Salon.Com (10/19) reviewed a new bio The Man Who Invented Rock Hudson: The Pretty Boys and Dirty Deals of Henry Willson by Robert Hofler. The reviewer, even as a child at the movies, thought Hudson was stilted. Upon reading the book he thought no wonder since ‘… His desire for his leading ladies was patently artificial … but so were his teeth, his walk, his voice, even his smile. Rock Hudson was a male Eliza Doolittle’ created by his agent Henry Willson who re-named his creations with a ‘preposterously butch moniker’: Guy Madison, Troy Donahue, John Saxon, Clint Conners. ‘Acting ability wasn’t required, conventional good looks were a must and willingness to have sex with the ferret-faced Willson was … very, very strongly encouraged.’ Willson forced most of his clients to be discreet in sexual matters but his biggest (and very gay) star, Hudson, refused and openly cruised for men everywhere. Fellow client Van Williams said ‘Rock’s sex drive was enormous.’ Another client swears Willson used the mob to wipe out two of Hudson’s blackmailers. Willson’s career ironically collapsed when he forced Hudson to marry Willson’s secretary, Phyliss Gates as a ‘beard’ (cover). Debbie Reynolds told Buzz Mag all of Hollywood laughed, started openly talking about Hudson’s homosexuality and then started asking about the sexuality of all of his clients. Willson died penniless at the Motion Picture Country Home.

In a long article in The New Republic (10/24) Andrew Sullivan subtly and not at all offensively portrays the fading away of gay culture.

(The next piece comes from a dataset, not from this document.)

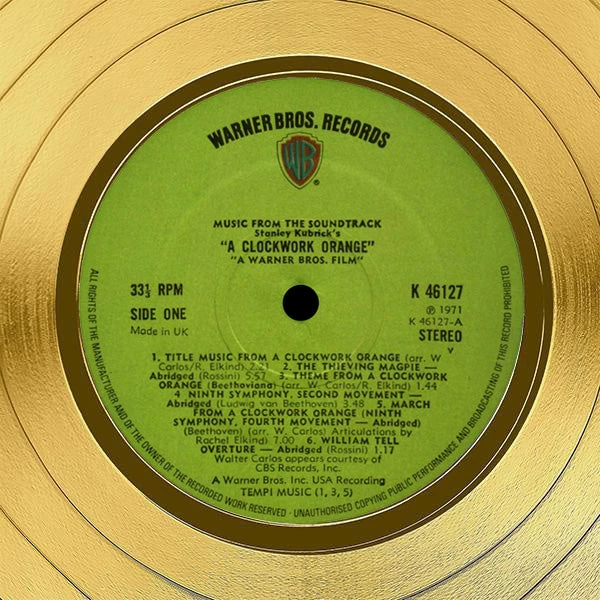 ฦ?? Collectible Clockwork Orange Motion Picture Soundtrack facsimile of hand-signed 24k Gold Plated LP Custom Frame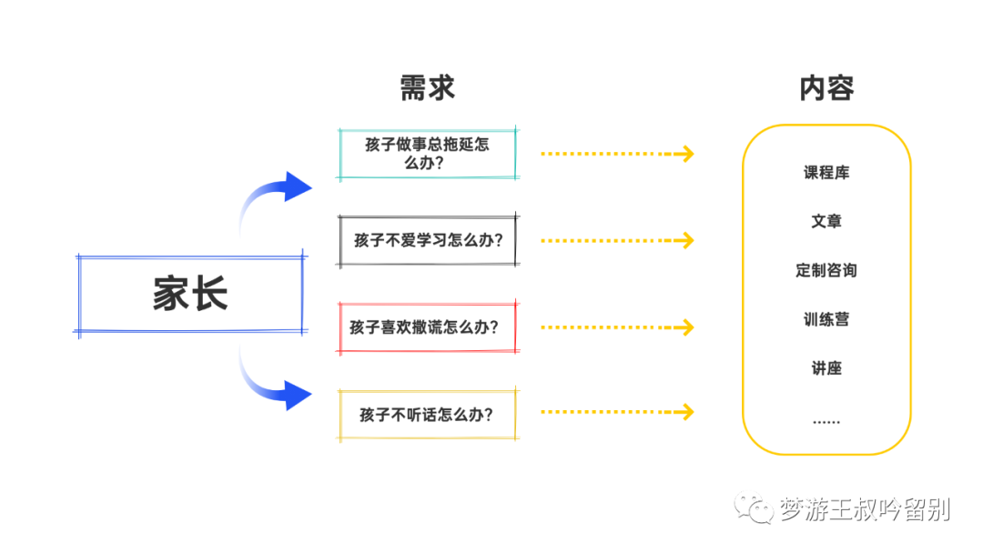 以往的家庭教育服务平台的模式是平台提供内容,家长从平台提供的内容中选择自己想要的完成购买付费。本质是发现家长需要解决什么问题,匹配需求,提供相应的课程。

Bringing in many threads—the death of many in th AIDS generation, the rise of gay marriage, the new ascendancy of lesbians in community roles, the rise of sub-sub cultures (e.g. ‘Bears’) among gays, the raising of children by lesbians and gays, the politization of many middle-aged gays and lesbians—he argues that ‘The distinction between gay and straight culture will become so blurred, so fractured, and so intermingled that it may become more helpful not to examine them separately at all.’ Some of the places in the U.S.A. where gay culture is most in an activist ‘1980’s’ mode are those places like Nashville where the state is still most oppressive —in the rest of the country, gay has become virtually normal.